As receitas das instituições financeiras crescem com a oferta de serviços e também, por meio da terceirização e da rotatividade - ao admitir funcionários a um salário menor. Apesar disso, há uma forte preocupação com o crédito. O cenário para avaliar riscos é mais complicado com a atual volatilidade nas taxas de juros e de câmbio. 

INDÚSTRIA AINDA NÃO VÊ RETORNO DAS EXPORTAÇÕES 

Outros segmentos da indústria enfrentam desempenho negativo há mais tempo e não tem no radar ainda uma recuperação via exportações. 

A produção de eletroeletrônicos, por exemplo, caiu 25% no acumulado do ano sobre 2014, com as importações recuando 20% e as exportações, 14%.
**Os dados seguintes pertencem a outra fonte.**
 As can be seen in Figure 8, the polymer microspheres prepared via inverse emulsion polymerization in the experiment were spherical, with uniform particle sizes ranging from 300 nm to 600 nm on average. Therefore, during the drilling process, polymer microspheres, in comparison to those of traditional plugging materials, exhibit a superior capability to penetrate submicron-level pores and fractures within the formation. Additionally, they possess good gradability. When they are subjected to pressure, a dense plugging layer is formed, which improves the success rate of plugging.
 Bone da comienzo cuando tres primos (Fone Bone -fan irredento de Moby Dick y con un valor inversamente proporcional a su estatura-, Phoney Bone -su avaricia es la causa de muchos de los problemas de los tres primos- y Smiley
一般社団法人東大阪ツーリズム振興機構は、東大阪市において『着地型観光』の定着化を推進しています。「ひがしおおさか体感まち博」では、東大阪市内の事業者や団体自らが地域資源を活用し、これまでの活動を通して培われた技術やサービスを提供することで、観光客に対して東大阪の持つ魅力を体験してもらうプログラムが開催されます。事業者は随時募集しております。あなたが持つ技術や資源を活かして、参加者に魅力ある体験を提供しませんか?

Segundo o representante do setor, cinco mil funcionários têm sido demitidos a cada mês ao longo de 2015. "Ainda há a volta da cobrança de PIS e Cofins sobre os bens de TI (Tecnologia da Informação), o que tende a agravar o cenário", disse. 
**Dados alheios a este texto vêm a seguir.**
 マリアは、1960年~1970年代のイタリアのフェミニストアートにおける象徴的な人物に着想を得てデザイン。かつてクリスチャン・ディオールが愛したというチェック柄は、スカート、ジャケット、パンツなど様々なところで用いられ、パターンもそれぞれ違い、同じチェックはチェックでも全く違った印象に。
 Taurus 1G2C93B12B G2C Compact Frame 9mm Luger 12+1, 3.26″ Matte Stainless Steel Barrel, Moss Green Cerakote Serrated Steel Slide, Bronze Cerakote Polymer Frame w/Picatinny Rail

O setor industrial, de forma geral, acumula prejuízo, mas o problema é que os números não param de piorar, principalmente puxado pela queda na produção de bens de capital, de 21% no acumulado deste ano. 

Não há perspectiva de melhora, ainda mais diante do excesso de estoques. No radar, há ainda a adoção de férias coletivas crescentes e percepção sobre o aumento de inadimplência da indústria diante da dificuldade de tomar crédito. 
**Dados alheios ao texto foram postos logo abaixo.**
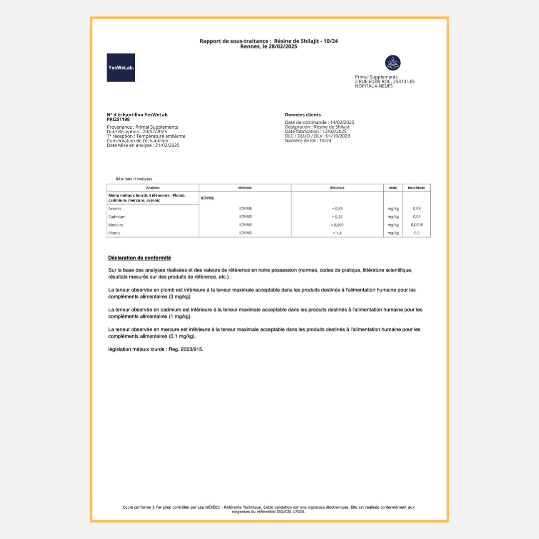 Chaque lot est donc testé par un laboratoire indépendant en France. Nous sommes parmi les rares entreprises à partager publiquement notre certificat d'analyse, prouvant que notre Shilajit est sans métaux lourds.
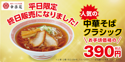 幸楽苑、「中華そばクラシック」を390円で平日・終日販売!
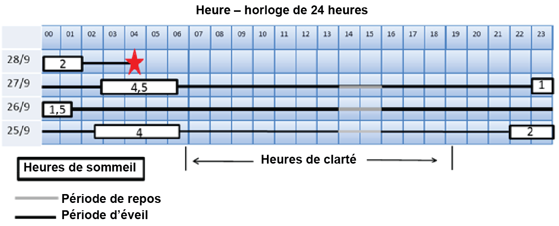- L’officier de pont avait le sommeil léger, mais il se sentait ordinairement complètement reposé après 7 heures de sommeil. Au cours des 3 nuits avant l’événement, il avait dormi respectivement 3 heures, 4,5 heures et 3,5 heures.
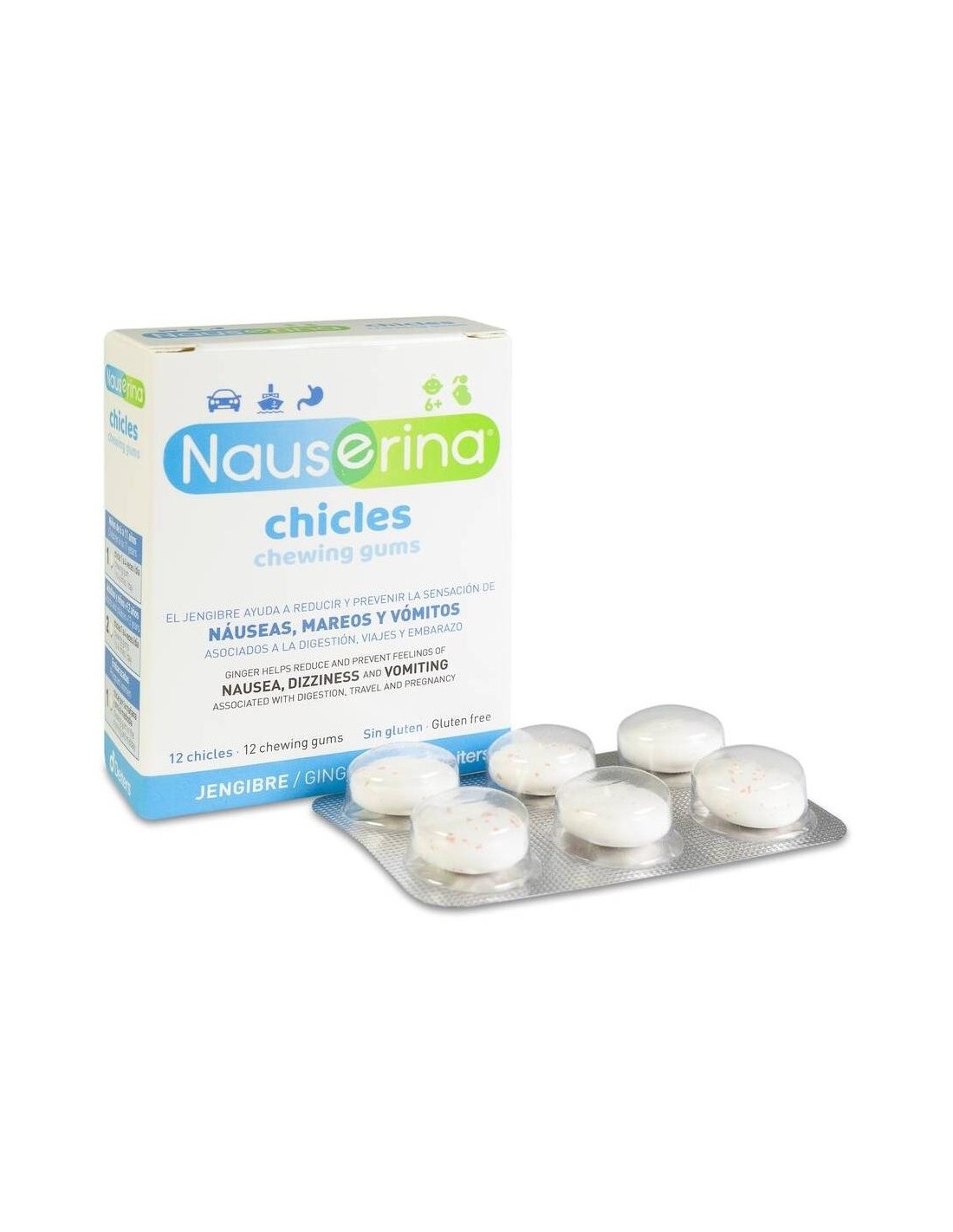 Nauserina 12chicles es un complemento alimenticio a base de extracto de jengibre. Ideal para reducir y prevenir la sensación de náuseas, mareos y vómitos asociados a viajes, digestión y embarazo.
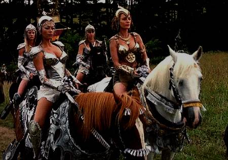 Вдруг впереди послышались звуки. Кто-то приближался, и судя по всему не один. Эллес решила, что лучше не рисковать. Кто его знает Она кинулась к лесу и скрылась за широченным дубом. А в полусотне метров уже показались всадники. Точнее всадницы. Шесть девушек на конях. Они выехали по лесной дороге и неспешно продвигались вдоль берега. Выглядели девушки внушительно. Было ясно, что это воины. Торс защищен блестящими доспехами, на голени стальные поножи, на головах шлемы. У каждой сбоку меч или боевой топор, за плечом длинный лук и колчан со стрелами. Все рослые, мускулистые. Впечатляющее зрелище.
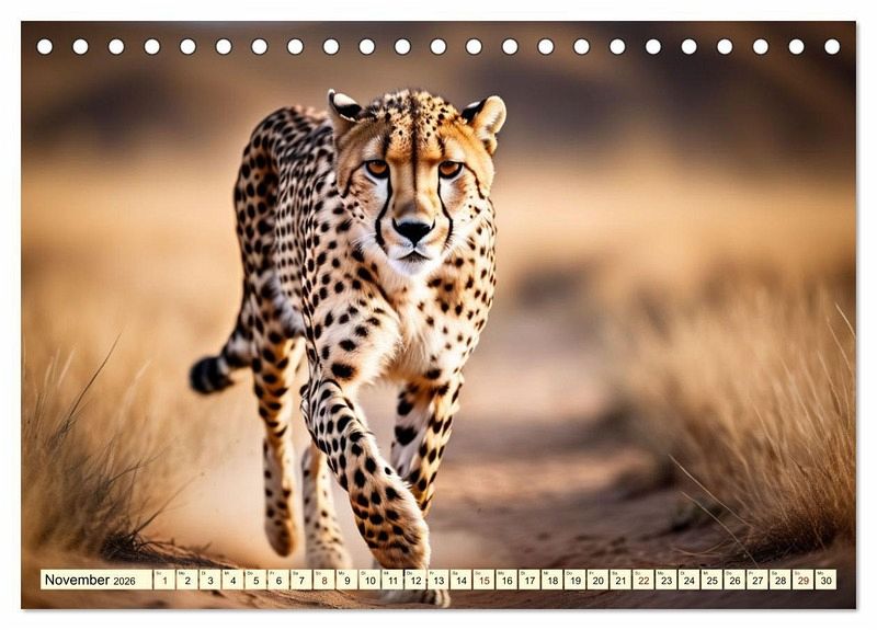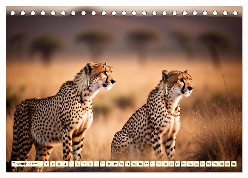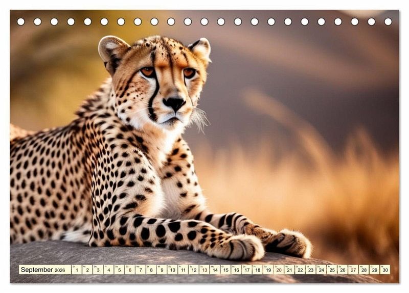 Die in Afrika lebenden Geparden sind schlanke und elegante Raubkatzen, die für ihre hohe Geschwindigkeit und Wendigkeit bekannt sind. Sie haben ein gelblich gefärbtes Fell mit schwarzen Flecken, die ihnen eine gute Tarnung in ihrem Lebensraum, den Savannen und trockenen Graslandschaften Afrikas, bieten. Durch ihre langen Beine und den schlanken Körperbau erreichen sie bei der Jagd nach Beutetieren Geschwindigkeiten von bis zu 120 Kmh. Ihre charakteristischen schwarzen "Tränenstreifen" unter den Augen dienen dazu, das Sonnenlicht zu filtern und ihnen bei der Jagd am Tag zu helfen. Die faszinierenden Katzen wurden mit Hilfe der KI in Szene gesetzt.
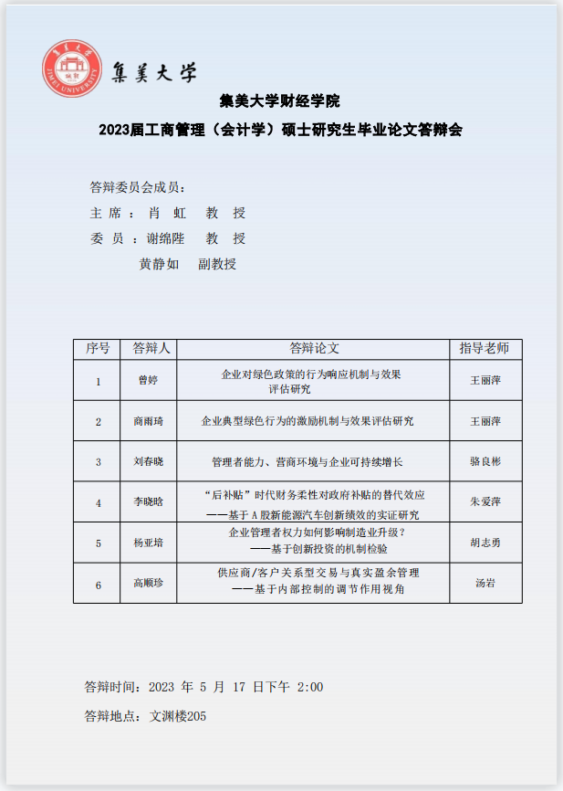 上一篇:集美大学财经学院2023届工商管理(会计学)硕士研究生毕业论文答辩会2
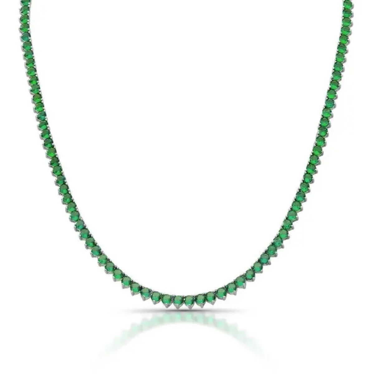 Colar riviera zircônias esmeralda ródio branco (46cm)
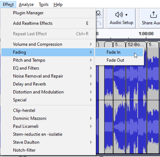 Note: For all of the effects to work you first need to select (part) of a track or audiofile.
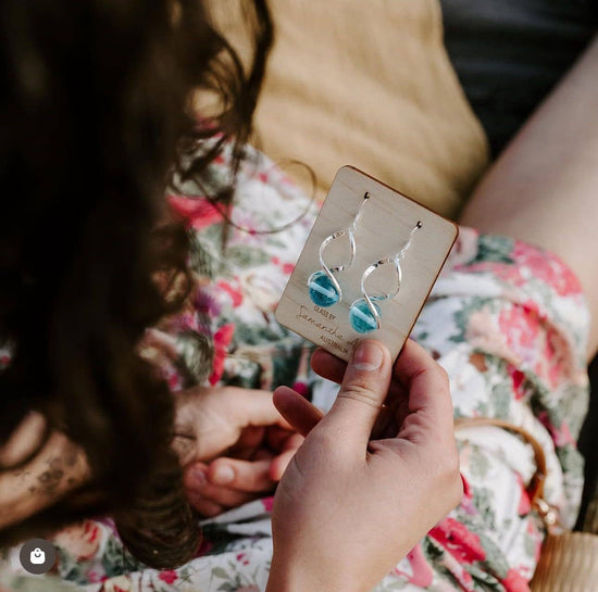 Delightful charming drop earrings, elegantly handcrafted from recycling Bombay Sapphire bottles in the flame. Exquisitely hand crafted with attention to detail from up-cycled glass, and finished with high quality 925 sterling silver findings. A vibrant and unique colour you will love. Designed and hand crafted by Glass Artist Samantha Abbott, these whimsical Blue glass Drop Earrings show case original and unique design exclusive to her range of glass.

É de forma bem pontual que a valorização do dólar atua nesse setor. Há empresas que já notaram que o dólar acima de R$ 3 torna o custo de produzir no Brasil igual ao da China. 

Algumas empresas, assim, elevaram exportações. Outras adotaram programa de substituição de importados.  Mas até agora a substituição tem amenizado o déficit de alguns setores, como o manufatureiro, que passou de mais de um saldo negativo de R$ 100 bilhões para outro um pouco menor: de cerca de R$ 80 bilhões. 

O setor têxtil, por exemplo, já tem 10% menos funcionários e a esperança é que os efeitos do câmbio favoreçam o setor apenas em 2016. A queda nas exportações neste ano foi de 8,4% e das exportações, de 3,4%.

O fato é que a falta de perspectivas trava os investimentos e, com isso, a indústria de máquinas e equipamentos ficou bastante prejudicada, com uma queda acumulada de 50% neste ano.

O setor tenta reagir se voltando para as exportações aos Estados Unidos e Itália. A esperança é a de que o dólar possa atingir um ponto de equilíbrio de R$ 4,50, o que geraria competitividade para exportar. 

A recuperação terá de vir mesmo de fora, já que o próprio Banco Central baixou a projeção para o investimento interno, medido pela Formação Bruta de Capital Fixo (FBCF).

A expectativa acumulada em 12 meses até junho de 2016 é de recuo de 12,1%. Neste ano, o tombo dos investimentos deve ser de 12,3%. 

No Relatório Trimestral de Inflação (RTI), o Banco Central afirma que o cenário para a indústria brasileira continuará recessivo, com previsão de queda de 5% em 12 meses até o fim do segundo semestre de 2016. Em 2015, o BC prevê uma queda de 5,6% do setor industrial.

O setor de serviços terá queda de 1,2% em 12 meses até junho do próximo ano, tendo um recuo de 1,6% neste ano.

As projeções apontam que apenas o setor agropecuário continuará bem em 2016, com alta de 1,9% em 12 meses até o final do primeiro semestre do próximo ano. Para este ano, a previsão é mais otimista: de crescimento de 2,6%.